Republicans’ boiling hostility to families that don’t live up to right-wing moral values is also on display. Even when Sen. Mitt Romney (R-UT) added work requirements to his child allowance bill (thus cutting out the poorest families who need the money the most), he got just two Republican co-sponsors in the Senate, one of whom is retiring this year. An Alabama woman who was arrested and admitted to smoking pot on the day she found out she was pregnant was thrown in jail for three months—in part because she didn’t actually have a drug problem and so didn’t qualify for rehab. Despite developing a uterine complication that caused her to bleed, she was forced to sleep on the floor of her cell. Another Alabama mother with two kids was jailed for months directly after giving birth when she tested positive for drug use. That’s the Party of Family Values all right.

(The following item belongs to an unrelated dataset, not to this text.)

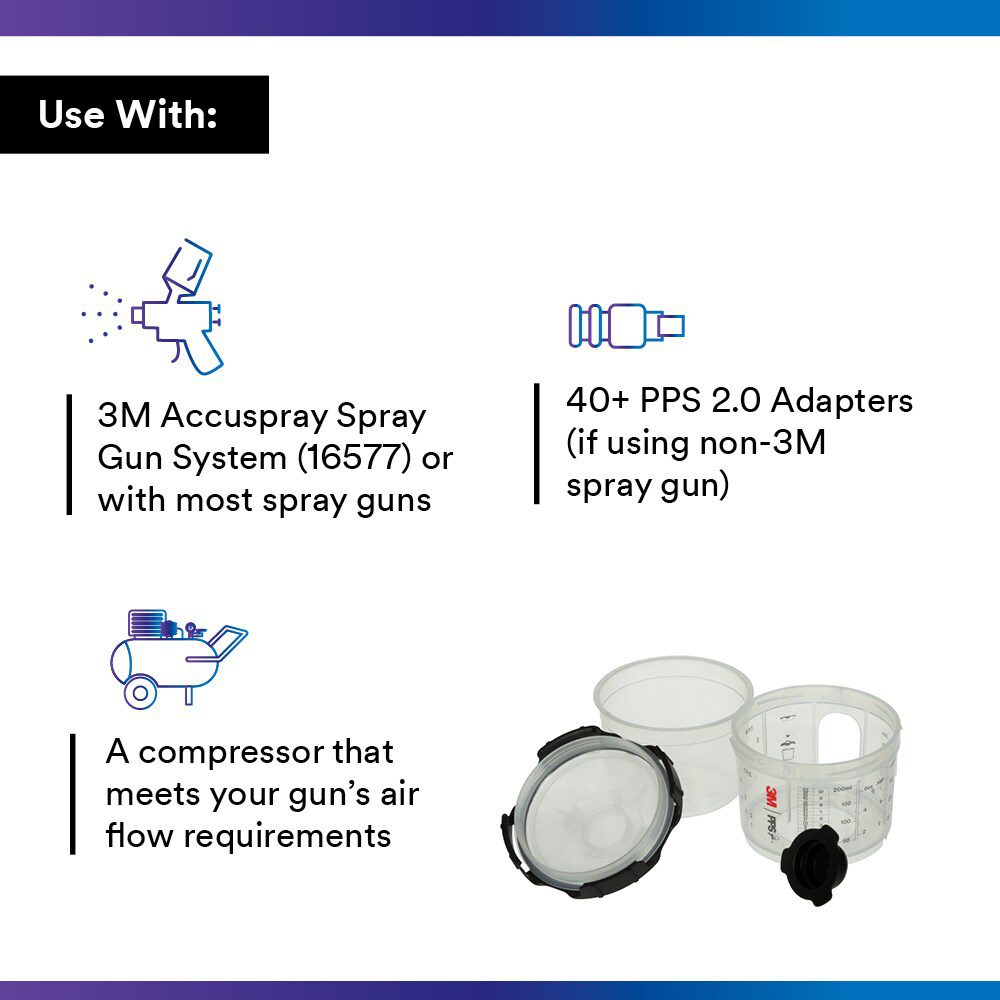- 3M’s Cleanest Disposable Cup System: 3M™ PPS™ Series 2.0 is a complete disposable spray cup solution for mixing/measuring, filtering, and spraying
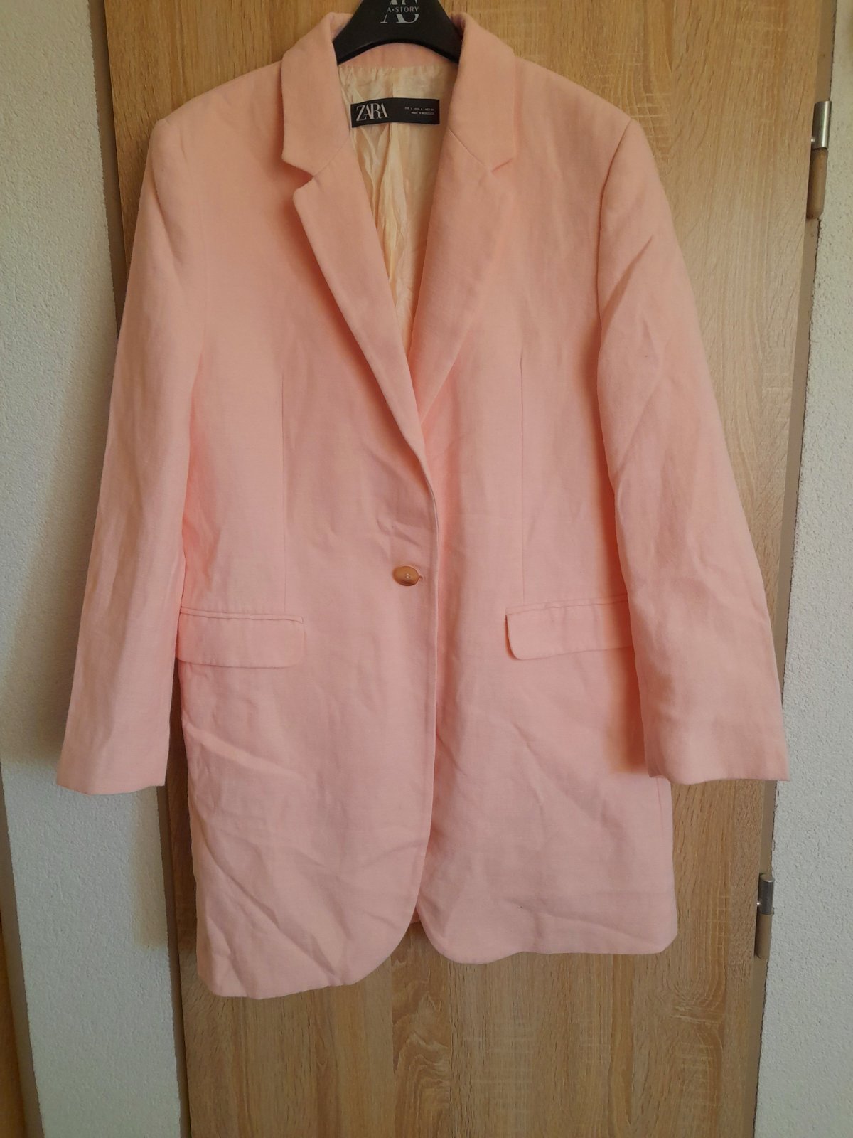 Predám nádherné sako Zara,nosené,v super stave.Material obsahuje ľan.Predlzeny strih,podsite.

Returning to the question of restraining the lawless Supreme Court, it turns out this is a classic wedge opportunity for Democrats. The Data for Progress poll finds 34 percent of Republicans support reining in the Court’s power, while just 13 percent of Democrats have the opposite view. And one doesn’t need to endorse adding more justices to the Court or ending judicial review to address this problem. The Constitution stipulates that the “Court shall have appellate Jurisdiction, both as to Law and Fact, with such Exceptions, and under such Regulations as the Congress shall make,” thus indicating that Congress can limit its jurisdiction. It has done so many times before—including, remarkably enough, in the Inflation Reduction Act, which says “There shall be no administrative or judicial review” of some of the drug price control measures included in the bill.
There’s a path to preserve reproductive rights here. Mobilize the majority of Americans who are appalled at what the Supreme Court has taken from them, hold the House and win enough additional Senate seats to build a majority in favor of a carve-out of the filibuster on this question, and then pass a national abortion legalization with language stripping the Court of jurisdiction. It’s an uphill battle, but not remotely impossible.